C5. Authors are recommended to include the information about CIOMS guidelines; whether this epidemiological study adheres to or follows the CIOMS guidelines.
R5. Thank you for your valuable recommendation. We have clarified that our study had adhered to the Council for International Organizations and Medical Sciences (CIOMS) guidelines in the Methods section of the revised manuscript (page 3, 1st paragraph).
C6. References should be uniform according to the journal format.
R6. As recommended, we have reformatted the References section of the revised manuscript (pages 11–13).

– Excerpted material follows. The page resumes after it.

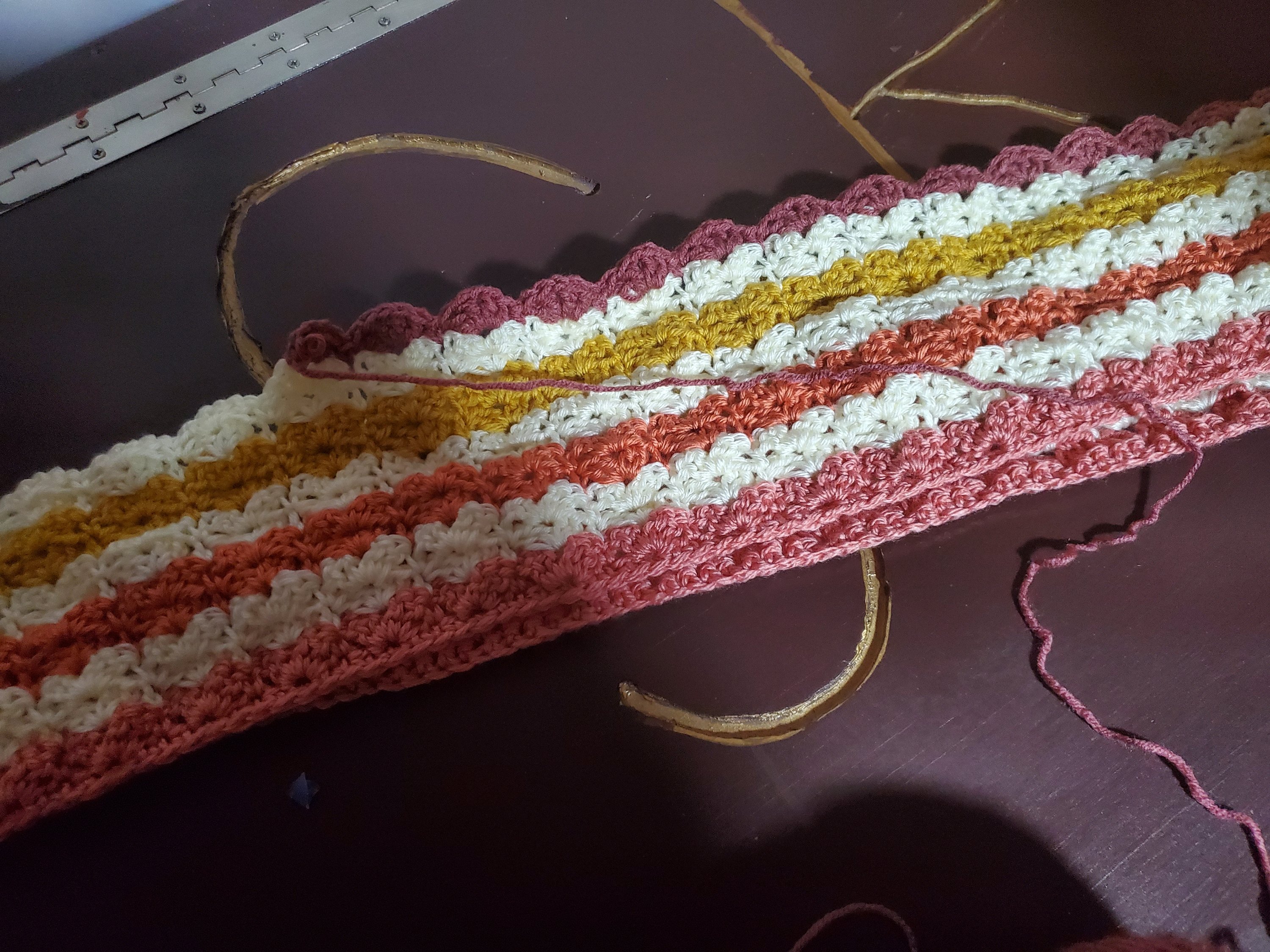 I also started working on a blanket for myself. I haven’t made a blanket in about 4 years. It was made for my child when he went to boarding school. This one is going to take a while since it’s for a queen sized bed. I using random acrylic skeins that’s already in my home. I have a huge stash because I was gifted yarn from someone who no longer crocheted.

Author Response File: Author Response.docx
Reviewer 3 Report
Recently I was invited to review an interesting paper entitled: “Risk factors of incident lung cancer in patients with non-cystic fibrosis bronchiectasis” The paper is well written and easy to understand. I appreciate the use of tables and figures which make the text clear. It is important to discuss the new risk factors for lung cancer. Bronchiectases are potential, but not a well-documented risk factor for the development of lung cancer. One must remember that there is a common reason for lung cancer and bronchiectasis (other than related to CF) – cigarette smoking. The authors draw their conclusions on the basis of an analysis of a huge national database. This type of data enables precise and well-planned analysis. However, in this case, the authors did not decide to answer a significant question – is the presence of bronchiectasis a risk factor for NSCLC. There is no control group in the study. Good quality data are wasted and only an observational study was created. I would insist on the authors perform a comparison, preferably with the use of the PSMA method to compare the risk of lung cancer in patients with and without bronchiectasis. If this comparison is not performed, then the study is just a plain presentation of the characteristics of patients with bronchiectasis who develop lung cancer. This is relatively not interesting.
Moreover, I have some additional remarks that should be addressed by the authors.
Major remarks.
What were the criteria for the diagnosis of lung cancer? Was the disease confirmed by a cytology/histology in every case? What criteria were followed to define COPD and bronchiectasis? Is there a specific obligation by standards of care to diagnose those diseases?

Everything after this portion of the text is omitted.